Längst vergessen geglaubte Verletzungen steigen gallig in den Hals. Die Abgrenzung gegenüber der eigenen Familie und die Erhöhung im jugendlichen Akademikertum ist allgegenwärtig. Aber auch die Abgrenzung der nächsten Generation, die uns weniger zutraut, setzt feine nadelstichgrosse Verletzungen.
Irgendwann begreift Marco: „Mein Scheitern ist kein persönliches Versagen oder gar keine Frage mangelnder Begabung, sondern auf meine Mittellosigkeit in mehrfacher Hinsicht zurückzuführen….Jetzt besitze ich endlich eine Sprache dafür.“ S. 111
Dieses kluge Debüt von Marco Ott funktioniert über das sehr persönliche Zwiegespräch mit seinen Eltern.

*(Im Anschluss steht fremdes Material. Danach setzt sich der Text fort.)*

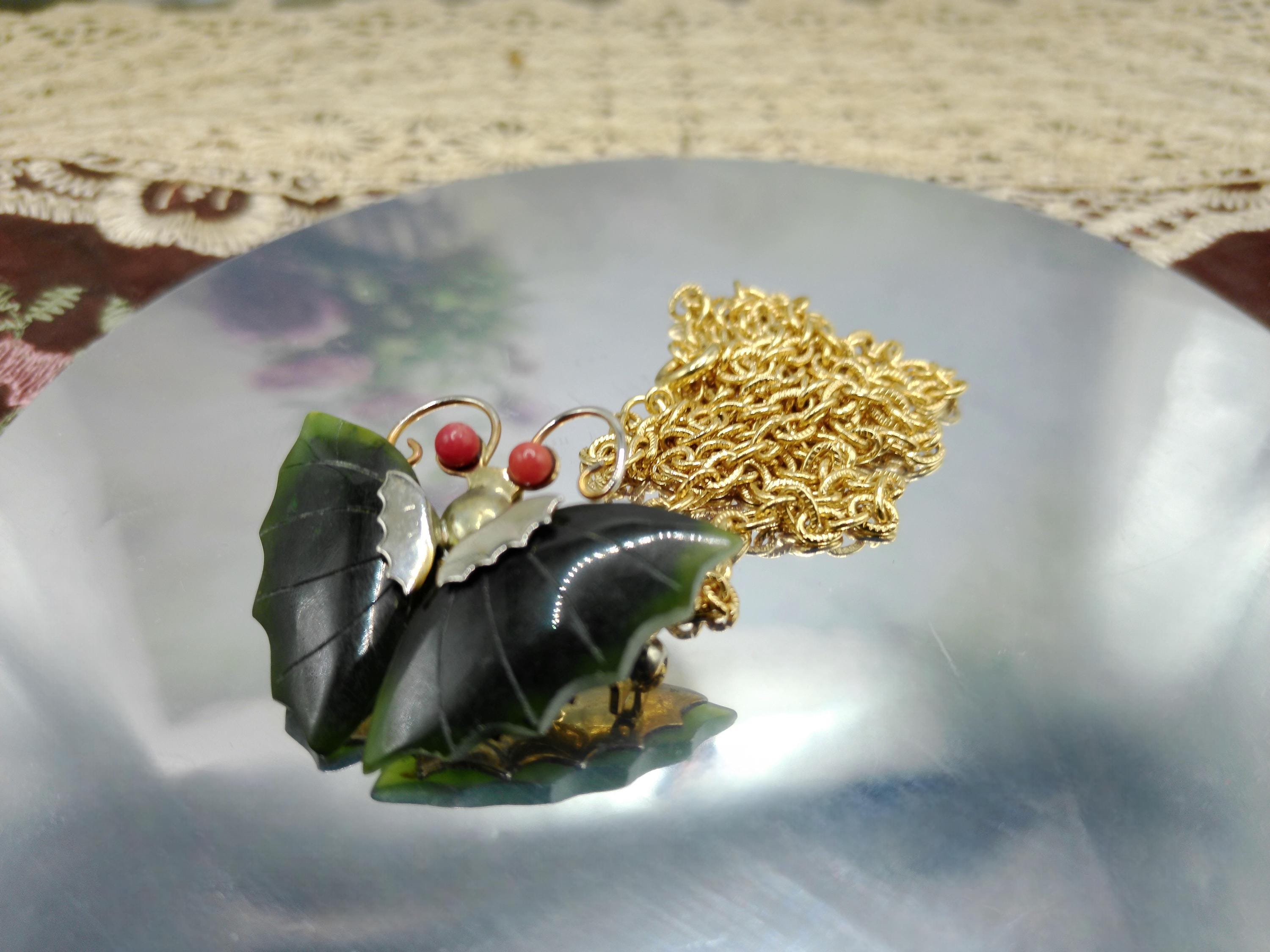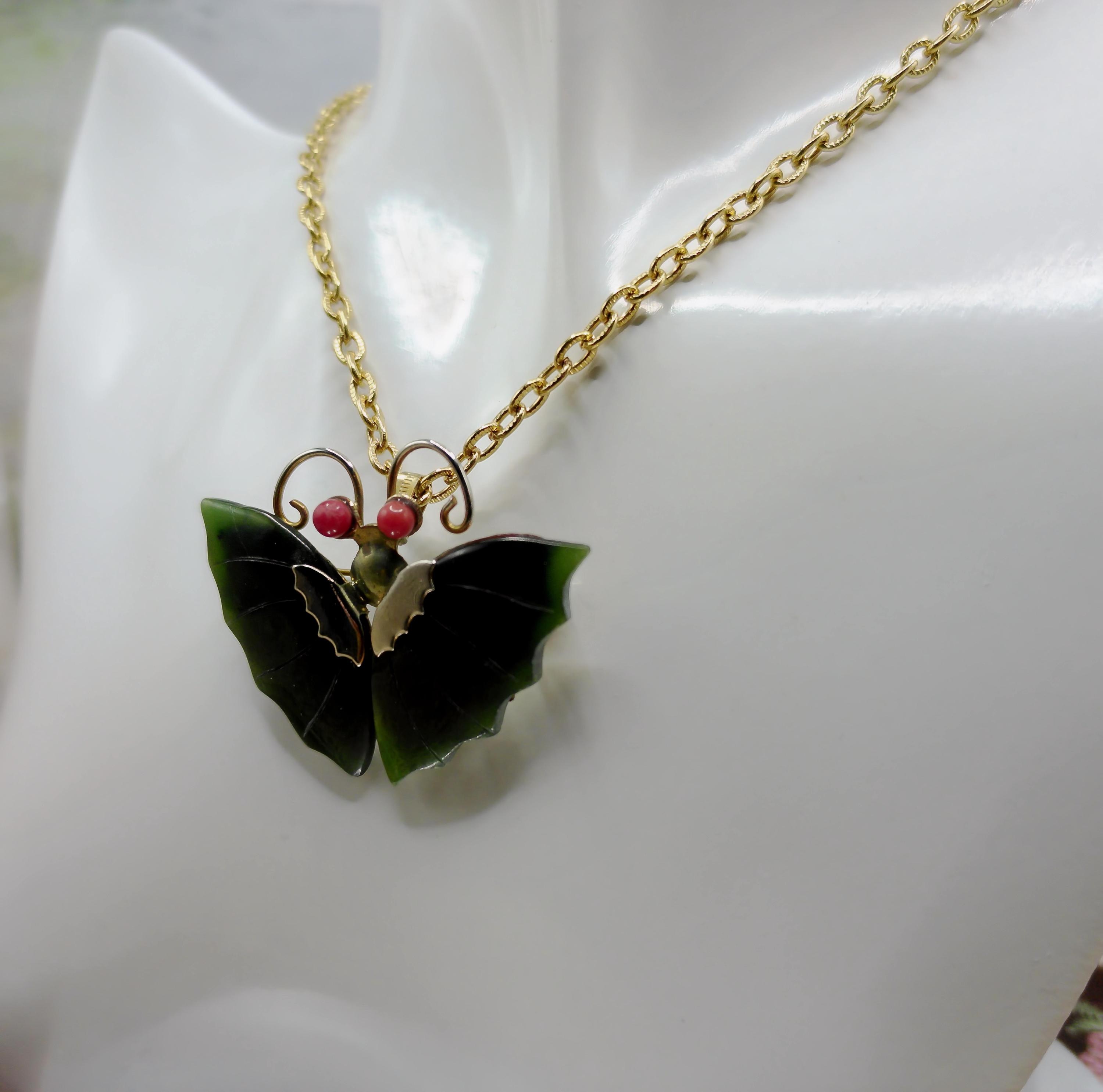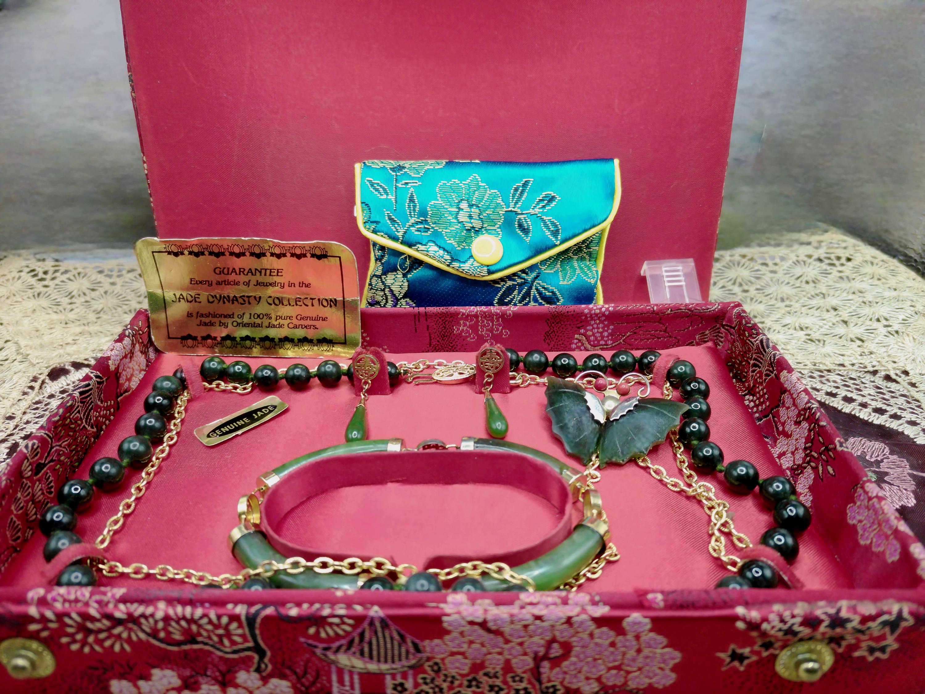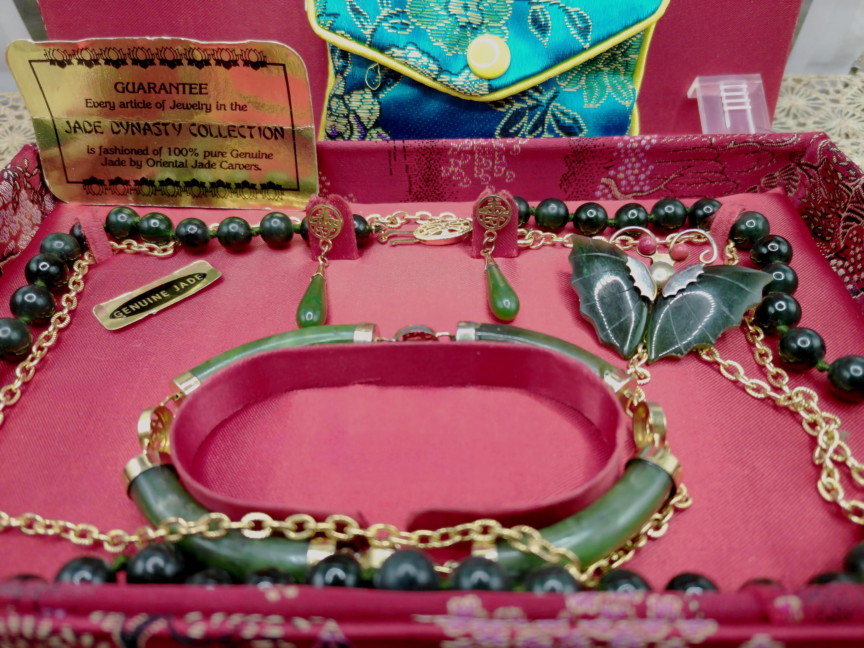 Inside, you will find a lovely collection consisting of a hand knotted medium spinach green 8mm jade beaded necklace that is 18 inches in length with a gold filled clasp, a pair of gold tone dangle medium green jade earrings with Chinese markings at the top; I believe they may be the signs for prosperity. A beautiful jade tube bracelet with round Chinese emblems set in between each jade tube. This bracelet is closer to a dark spinach green color with some variations of color in the jade. And finally, a wonderful convertible butterfly brooch that has bright red eyes and dark green jade wings with gold trim.

Puzzleteil für Puzzleteil setzt es ein Bild aus seelischer und körperlicher Verletzung zusammen, welches durch die Kommunikationslosigkeit zwischen Eltern und Kind entsteht aber auch immer das kleine Glück und die Geborgenheit der frühen Jahre durchscheinen lässt.
Selten hat ein Buch mich so besetzt. Ich wünsche dem jungen Autor einen nächsten, ebenso gelungenen Roman.